Implicit Markets: Lotteries

An Equilibrium Model of Rollover Lotteries (with Giovanni Compiani and Lorenzo Magnolfi)

Abstract: We develop a novel model of rollover lottery ticket sales with preferences over thrill and money won. Treating the monetary loss on tickets as an implicit price, lottery rules imply a loss supply curve. Growing jackpots shift the inverse supply down, and help identify the falling demand curve arising from thrill heterogeneity. We non-parametrically estimate the demand for Powerball.

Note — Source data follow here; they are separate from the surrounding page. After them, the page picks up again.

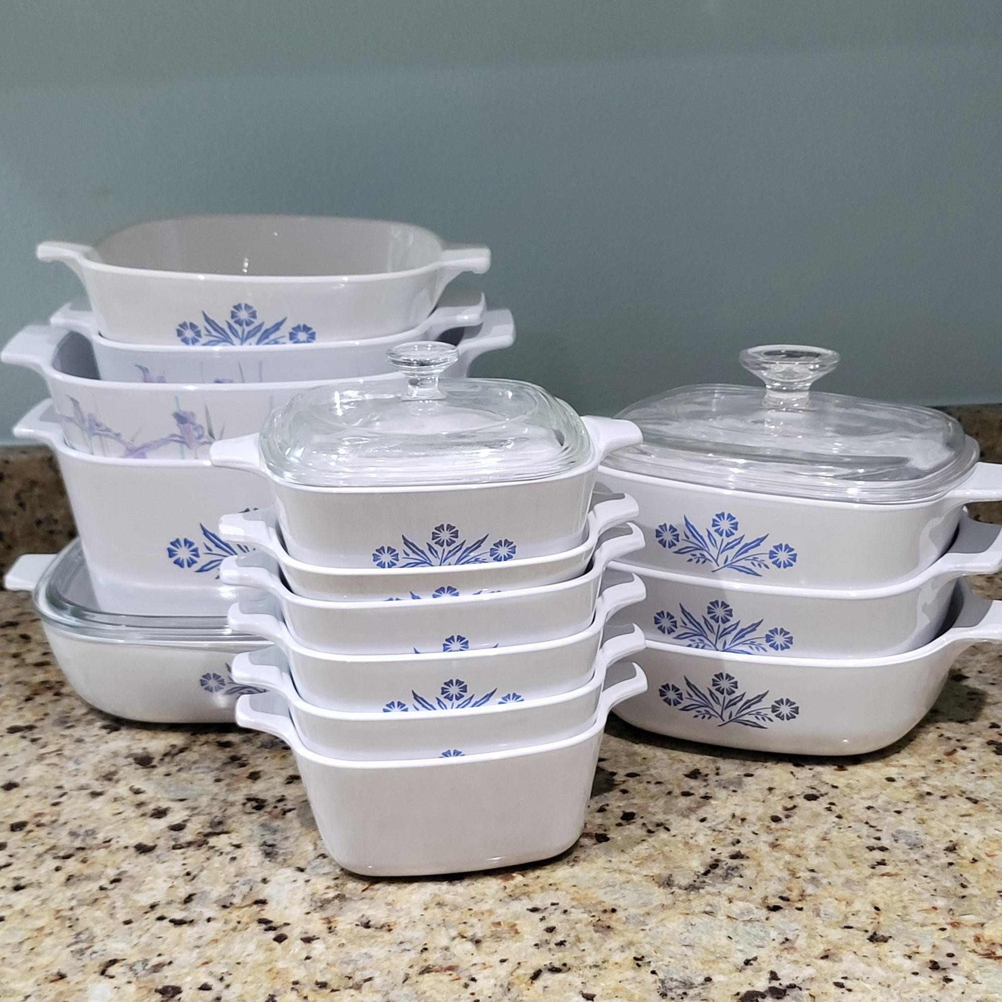 Corning bakeware: Cornflower blue floral baking pans: (1) 10" lidded baker, (1) 8.5" lidded baker, (4) 7" bakers with one lid, (6) 5" bakers with two lids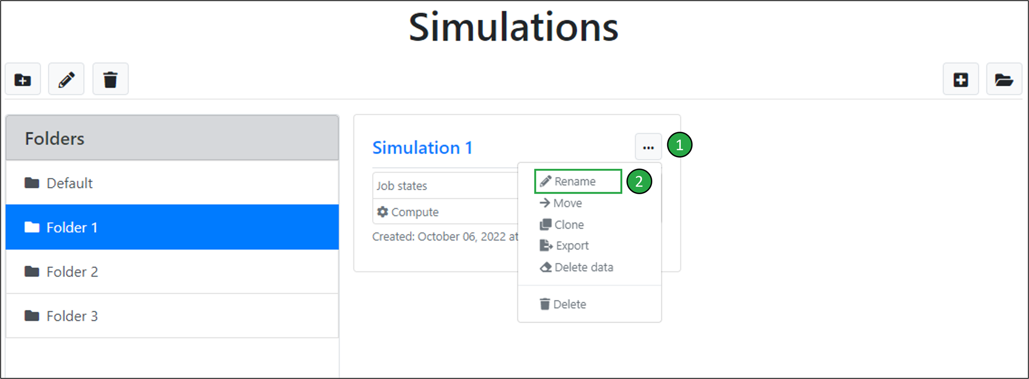 Please note that only empty folders, i.e. folders with no simulations inside them, can be deleted. Furthermore, the ‘Default’ folder cannot be deleted.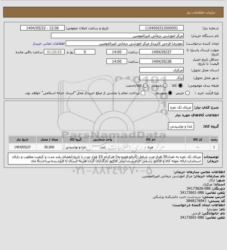 | 1 | -- | مربا | عدد | غذا و نوشیدنی | 30,000 | 1404/05/27 |

Our model allows risk aversion or risk-loving utility, but slight deviations from risk neutrality are inconsistent with the data. This is a very high stakes empirical test of Rabin’s (2000) calibration thought experiments that low stakes risk aversion yields implausible larger stakes implications. While ticket buyers are risk neutral, Powerball acts a risk loving gambler for rollovers up to $600M. But we prove that Powerball should cap the jackpot at $910 million.

Aside from the model fit, we check risk neutrality in two ways. First, we characterize how log ticket sales should convexly grow in the log jackpot at least up to $408M — which we verify in Powerball data. Next, lottery odds should scale linearly in the population — which we verify in a regression across forty state rollover lotteries.